• Problem: Retype exactly every line from the one that includes "Statsport, två missonärer (?) utanför hus." through the final line of the listing, both ends kept, and omit the pictures.

• Collected material:

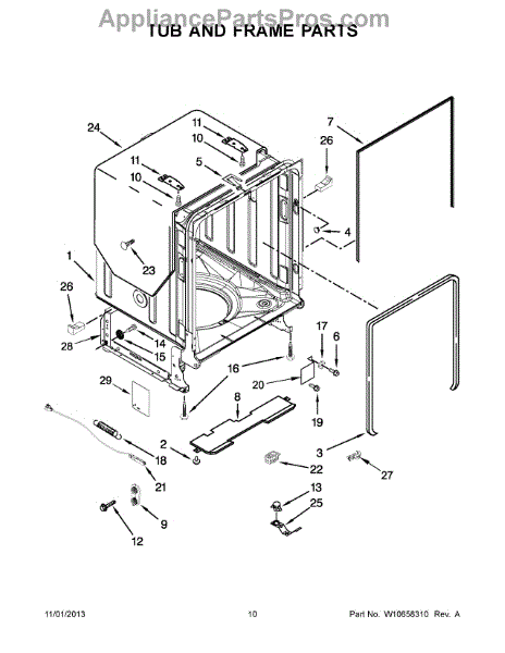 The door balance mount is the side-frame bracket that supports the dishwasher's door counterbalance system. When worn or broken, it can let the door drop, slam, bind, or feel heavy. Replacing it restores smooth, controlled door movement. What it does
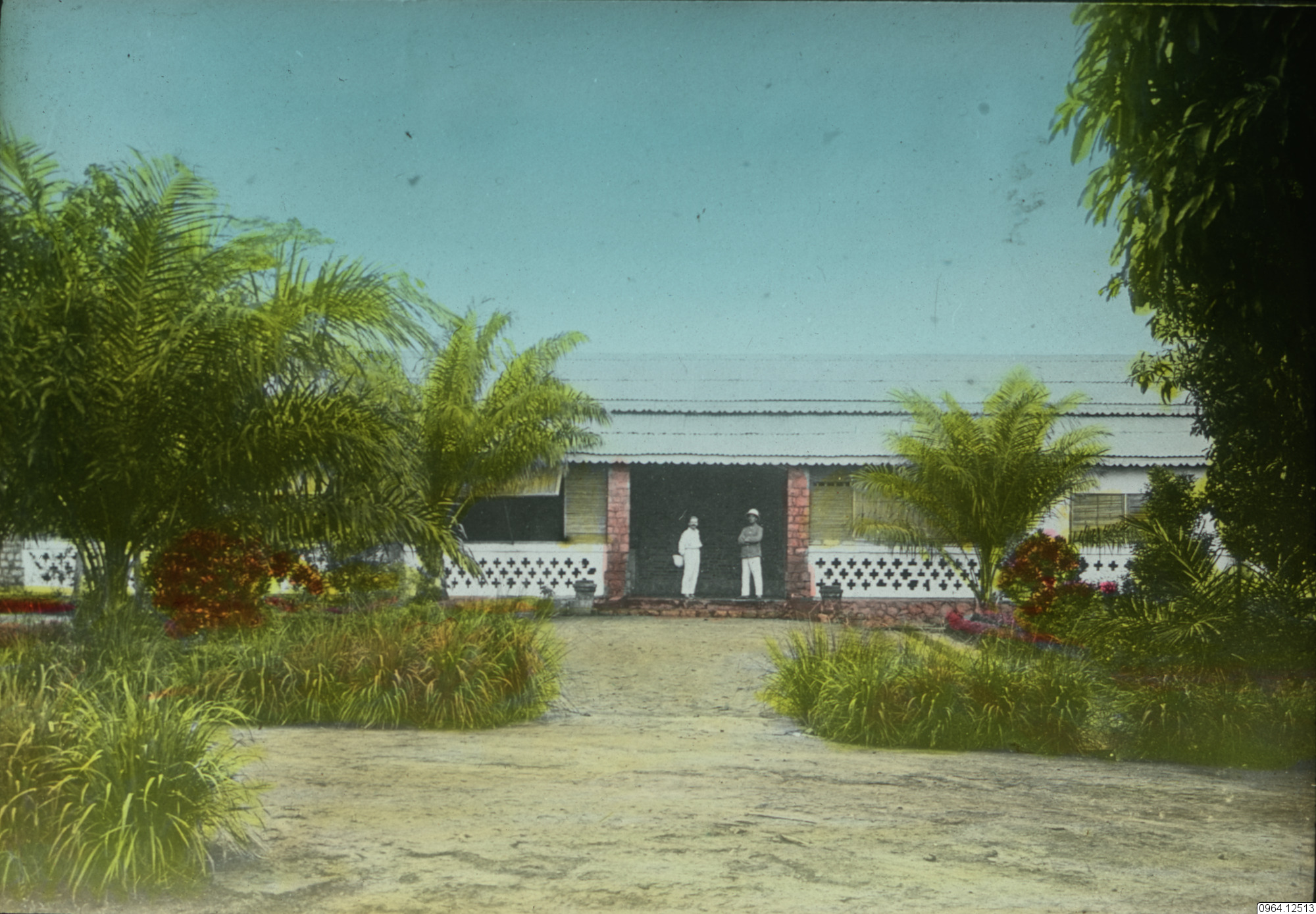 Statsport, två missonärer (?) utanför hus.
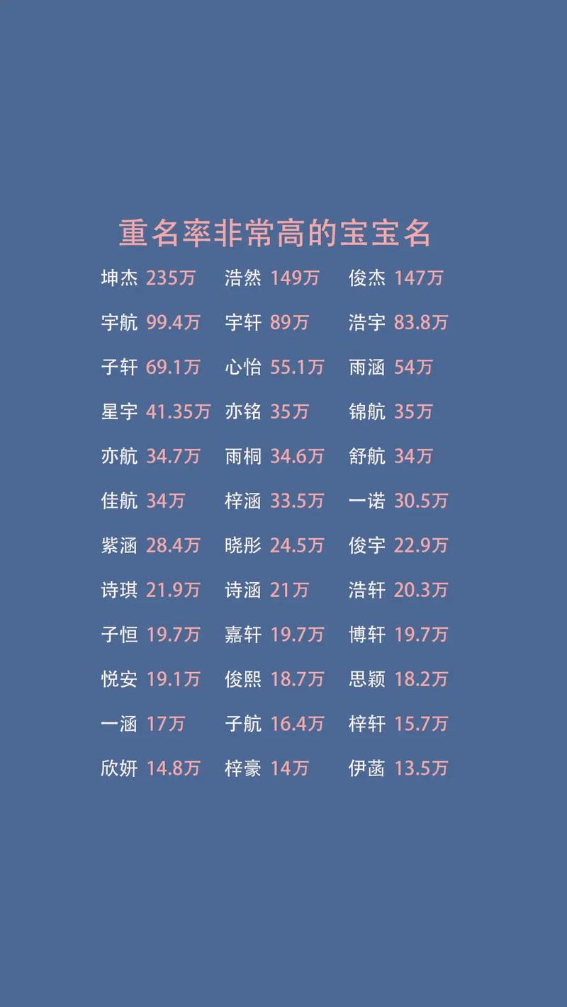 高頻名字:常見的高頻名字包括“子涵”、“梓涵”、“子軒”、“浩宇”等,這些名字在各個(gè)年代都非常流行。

• Problem solution:
 Statsport, två missonärer (?) utanför hus.
 高頻名字:常見的高頻名字包括“子涵”、“梓涵”、“子軒”、“浩宇”等,這些名字在各個(gè)年代都非常流行。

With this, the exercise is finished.